*DATA EXCERPT*
== == ==
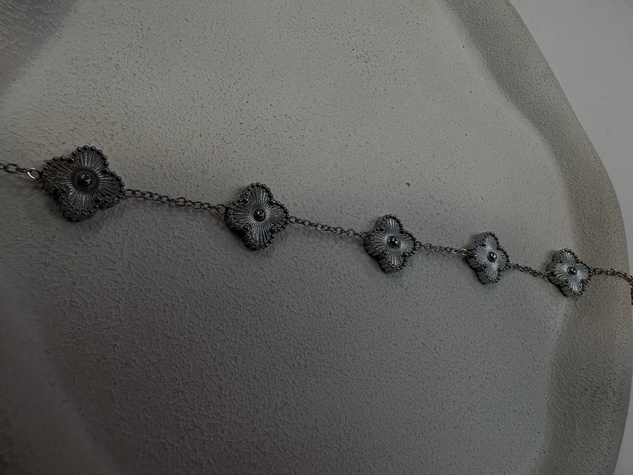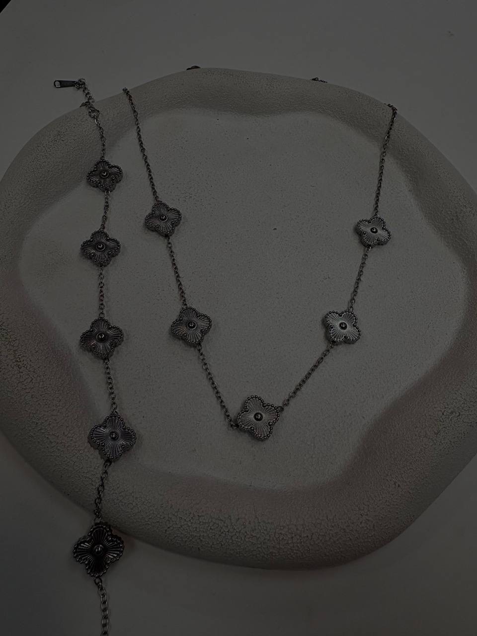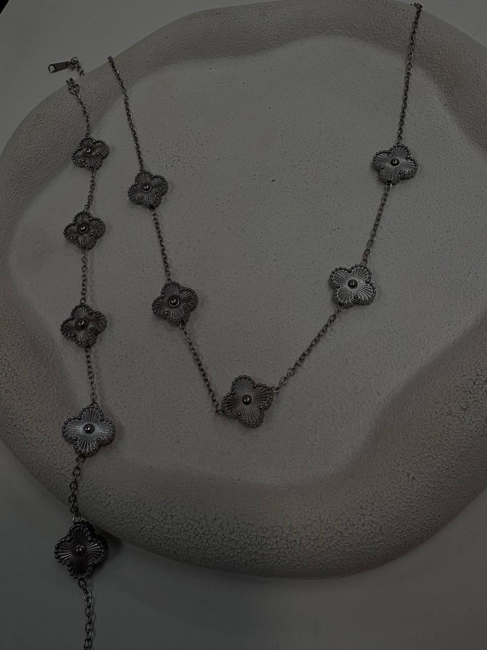 نیم ست گردنبند و دستبند استیل نقره ای ونکلیف تراش
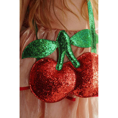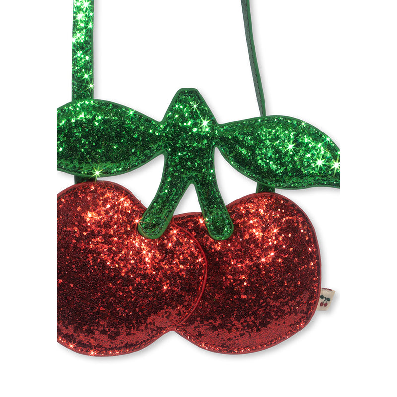 Yndig kirsebærformet pung/taske med lang skulderstrop fra Konges Sløjd. Tasken har et rum og lukkes med lynlås. Fra 3 år.
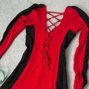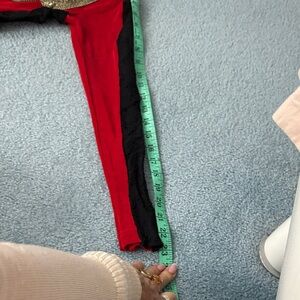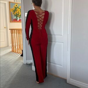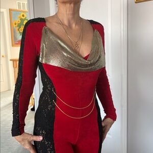 Stylish red and black jumpsuit featuring gold accents. Perfect for a bold look.
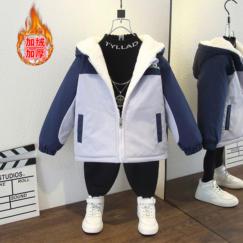 소년 코트 가을, 겨울 2025 새로운 스타일 외국 스타일 어린이 소년 벨벳 두꺼운 한국 스타일 아동상의 도매스토어 가기
== == ==
*WHAT YOU ARE ASKED TO DO*
Repeat the lines from the line containing "Yndig kirsebærformet pung/taske" through the end of the material above exactly, with no pictures and nothing else.

*SOLUTION*
 Yndig kirsebærformet pung/taske med lang skulderstrop fra Konges Sløjd. Tasken har et rum og lukkes med lynlås. Fra 3 år.
 Stylish red and black jumpsuit featuring gold accents. Perfect for a bold look.
 소년 코트 가을, 겨울 2025 새로운 스타일 외국 스타일 어린이 소년 벨벳 두꺼운 한국 스타일 아동상의 도매스토어 가기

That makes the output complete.